Highlights & Insights¶
- The core design philosophy of integrating "how to observe" into the reasoning loop is elegant and mimics human purposeful visual search.
- The training-free, plug-and-play nature allows it to enhance existing models directly, offering high engineering value.
- The emergence of diverse cognitive strategies (progressive zoom, reflection) demonstrates the agent's autonomous reasoning capabilities.
- Token consumption is comparable to one-shot methods, but peak token counts per round are significantly lower, mitigating long-context memory pressure.
Limitations & Future Work¶
- Performance is highly dependent on the reasoner's cognitive ability—weak reasoners may generate invalid plans.
- Occasional "static repetition" (repeatedly observing the same area) suggests the planning mechanism is not yet perfect.
- Current tools apply only to the visual modality, ignoring audio and subtitles.
- The 20-tool-call limit may be insufficient for extremely long videos.
Related Work & Insights¶
- vs Deep Video Discovery: DVD consumes millions of tokens by pre-generating captions; LensWalk observes on-demand, with token usage similar to one-shot methods but with higher accuracy.
- vs MR.Video: MR.Video relies on fixed clip retrieval; LensWalk dynamically scales observation range and density.
- vs VideoAgent: VideoAgent tools operate on pre-processed products; LensWalk schedules new observations directly from source video.

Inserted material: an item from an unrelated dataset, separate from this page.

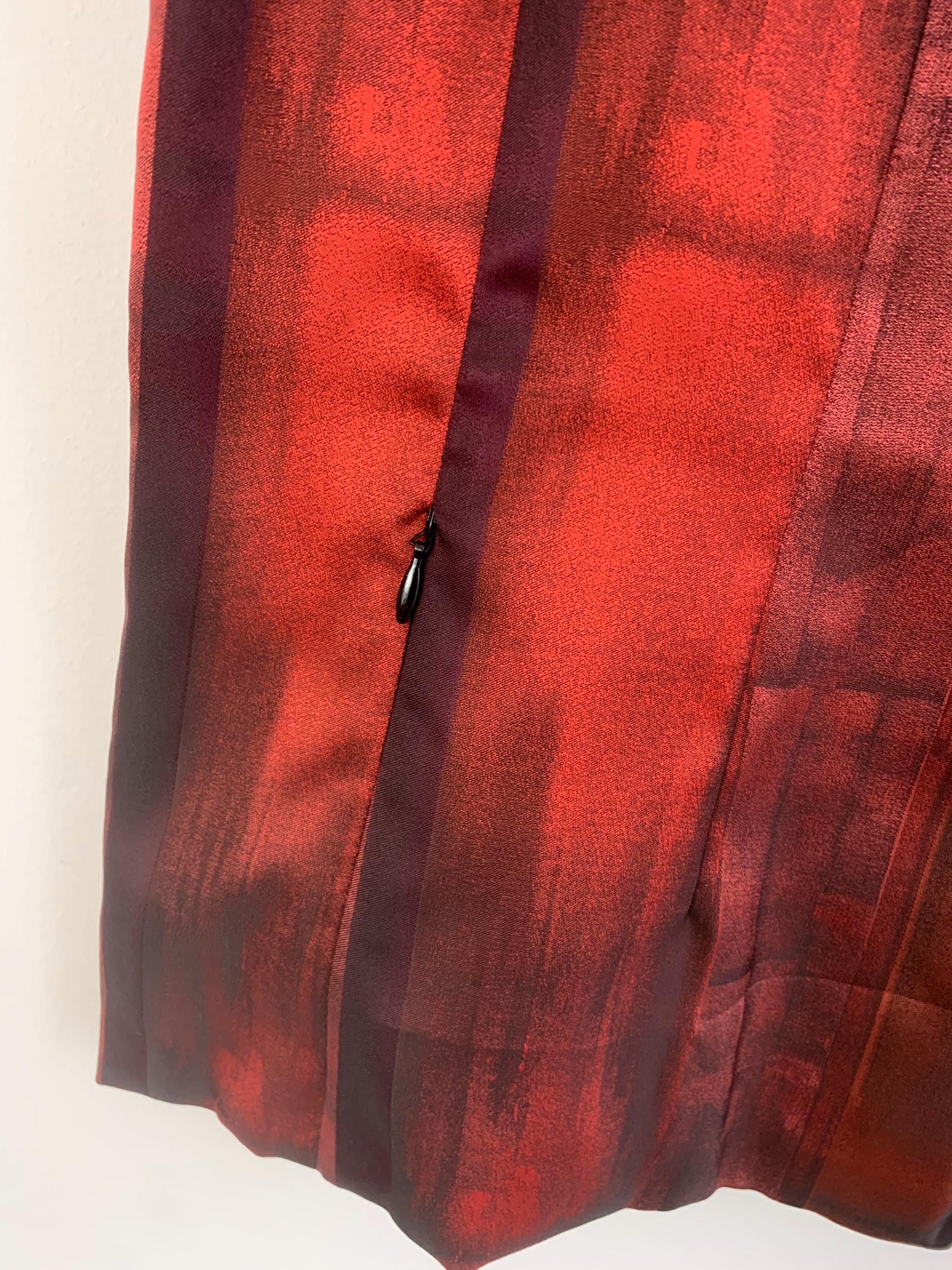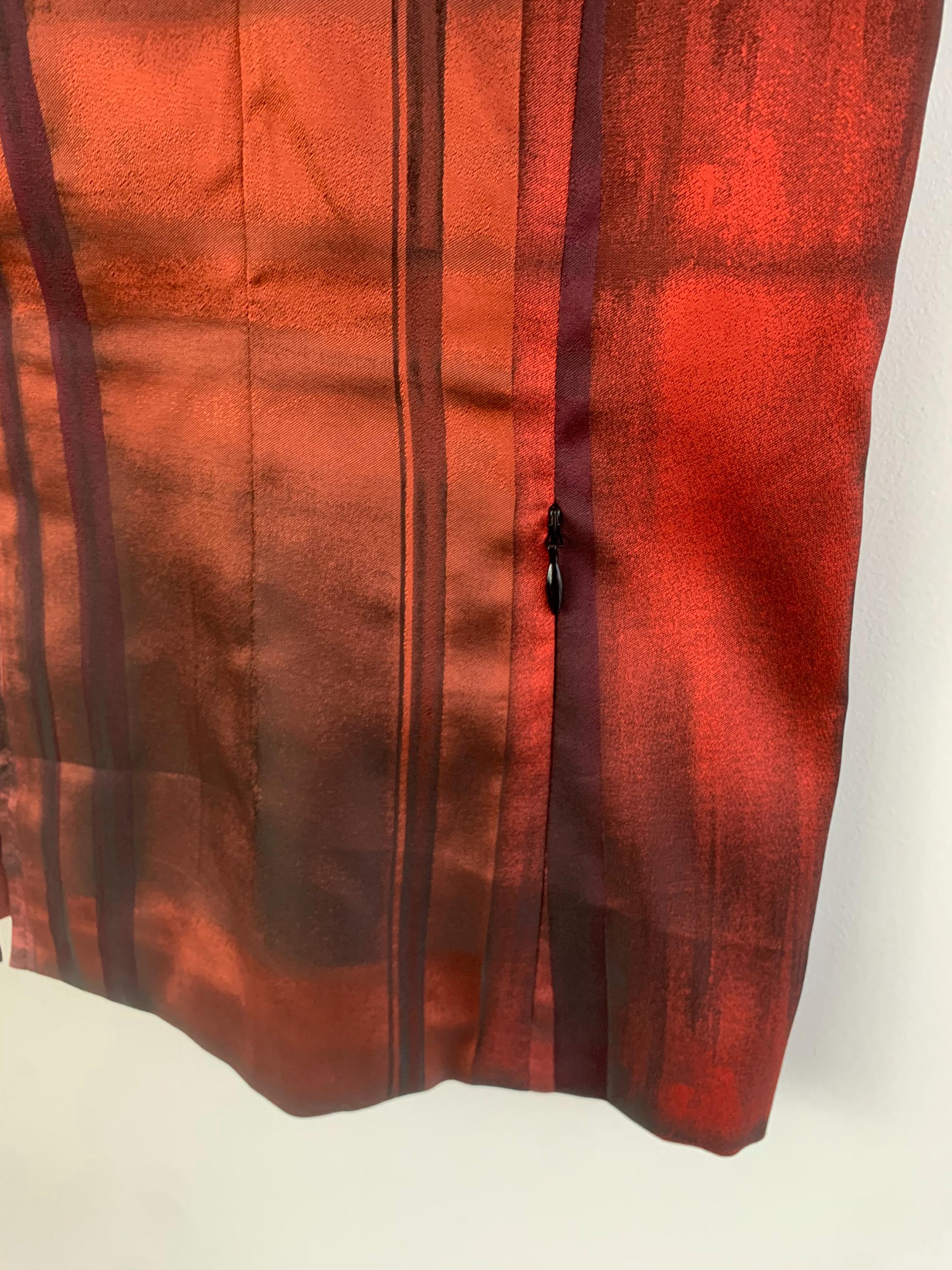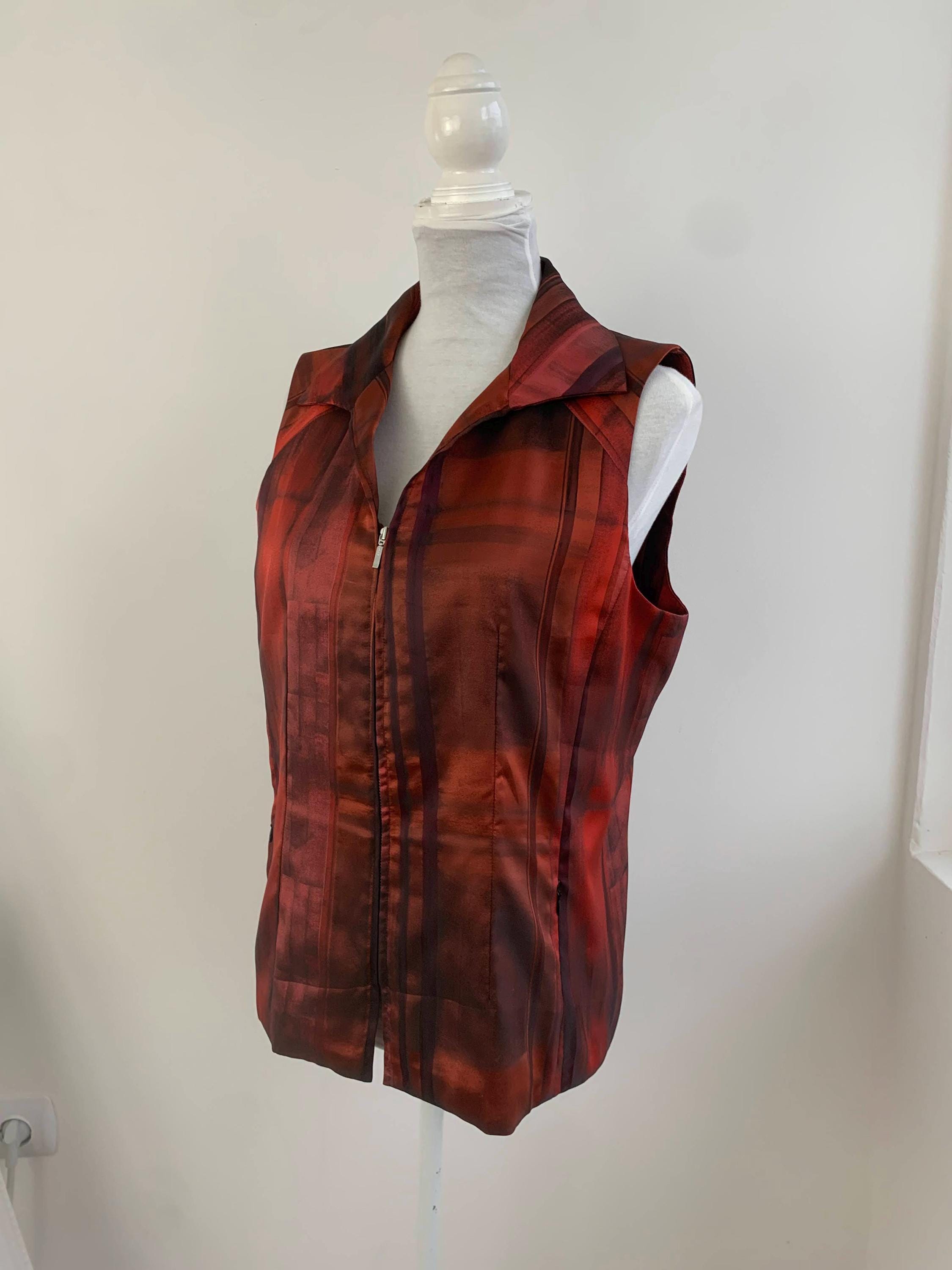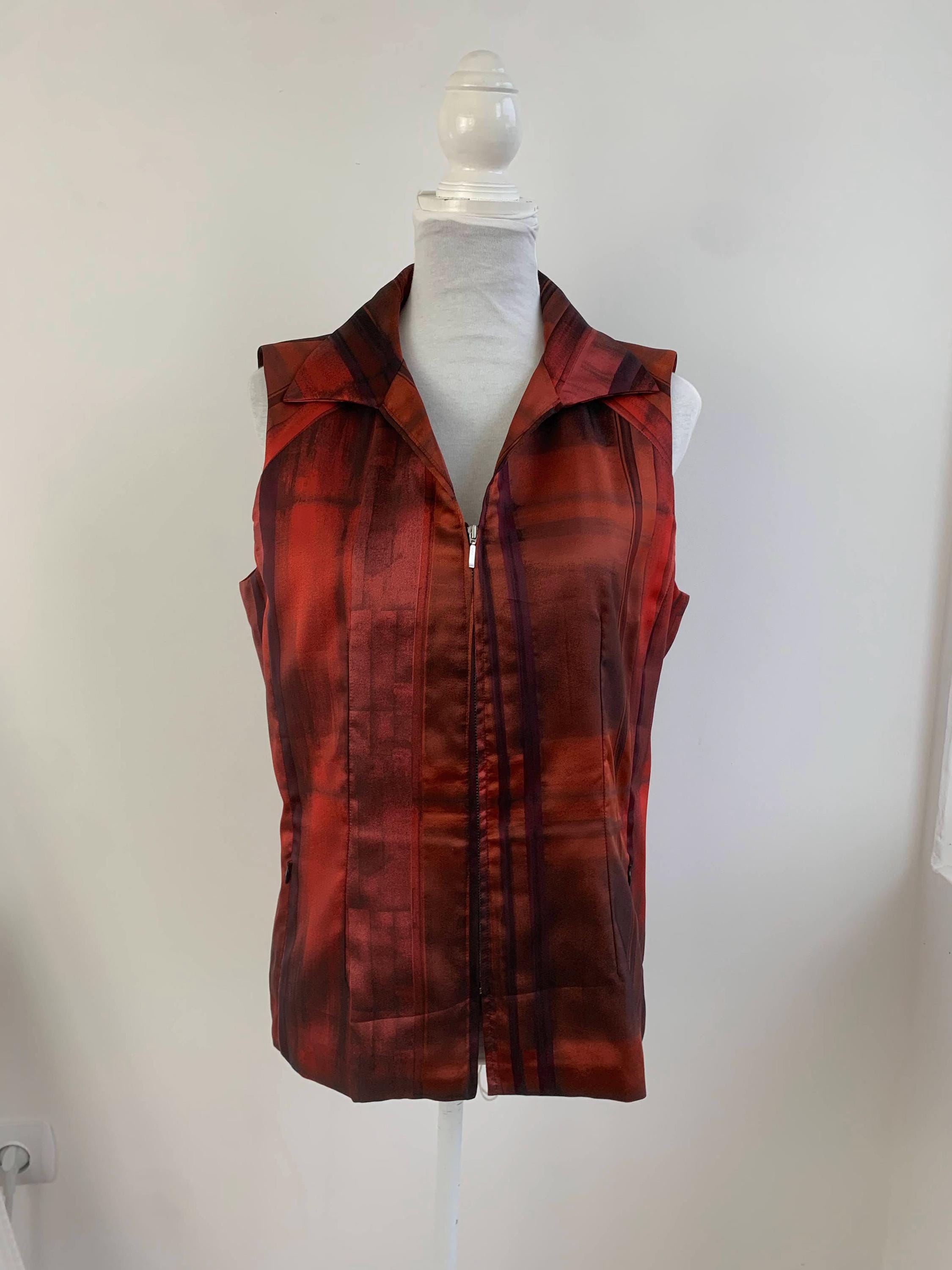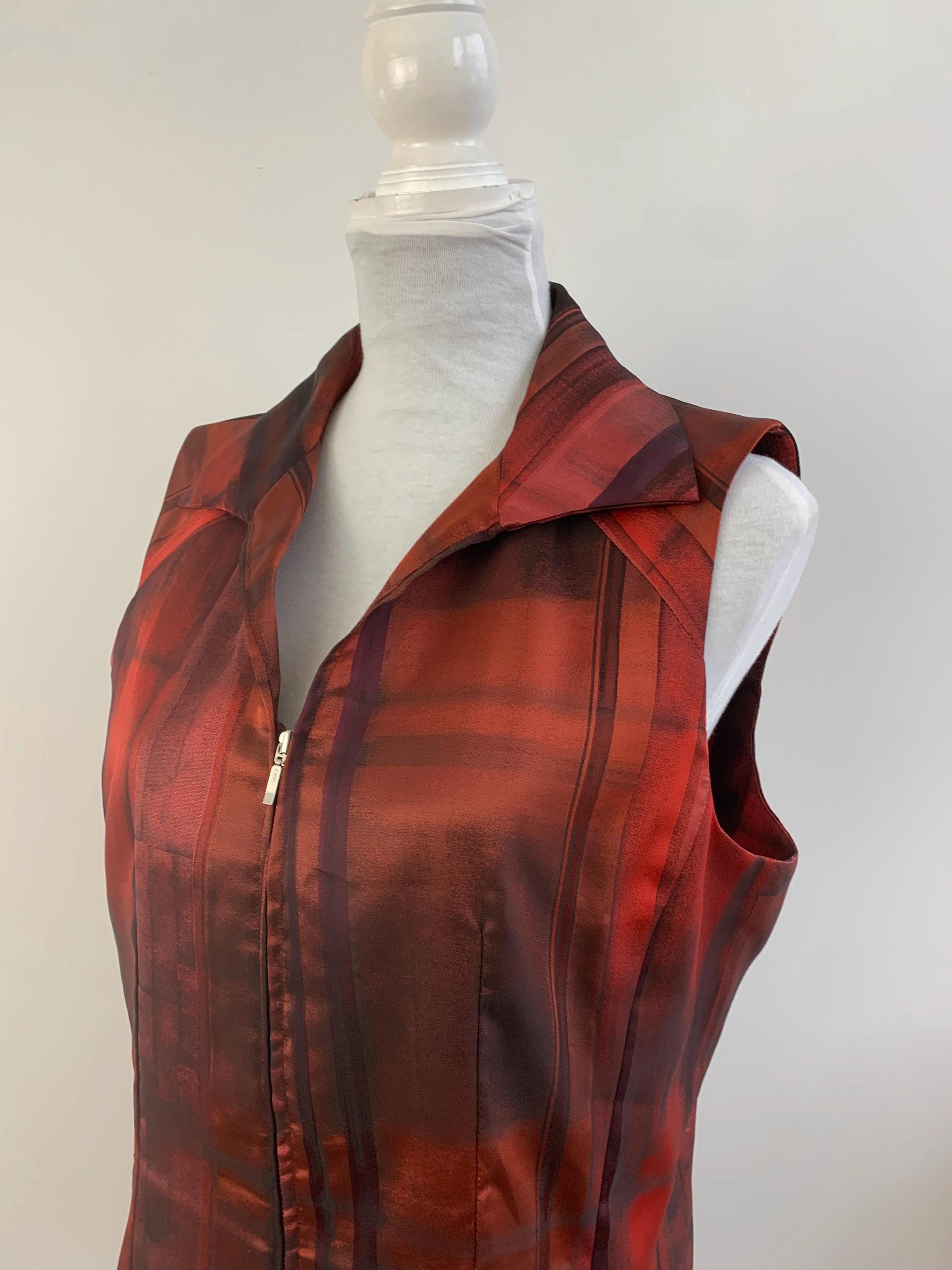 Step into the world of French designer fashion with this exquisite vintage Kenzo Paris vest for women in size L. This sophisticated sleeveless top from the late 90s, showcases Kenzo's mastery of fabric and color. The luxurious silk blend material has a beautiful subtle sheen, and the rich, abstract print features striking shades of red, burgundy, and black, giving it an iridescent effect reminiscent of a brushstroke pattern. It features a sharp, pointed collar and a full-zip front closure, making it versatile for layering or wearing on its own. The fitted, tailored silhouette and hidden zipper pockets provide a comfortable and flattering fit. This is a rare, high-end vintage designer piece that will elevate your formal wear, business attire, or sophisticated casual look.

- Insight: "Scalable Visual Cognition"—beyond just increasing model size, models must learn to observe actively.
Rating¶
- Novelty: ⭐⭐⭐⭐⭐ Redefines video understanding as active observation scheduling.
- Experimental Thoroughness: ⭐⭐⭐⭐⭐ 6 benchmarks, various model combinations, and detailed ablation.
- Writing Quality: ⭐⭐⭐⭐⭐ Clear narrative and in-depth analysis.
- Value: ⭐⭐⭐⭐⭐ Extremely practical plug-and-play framework for enhancing SOTA models.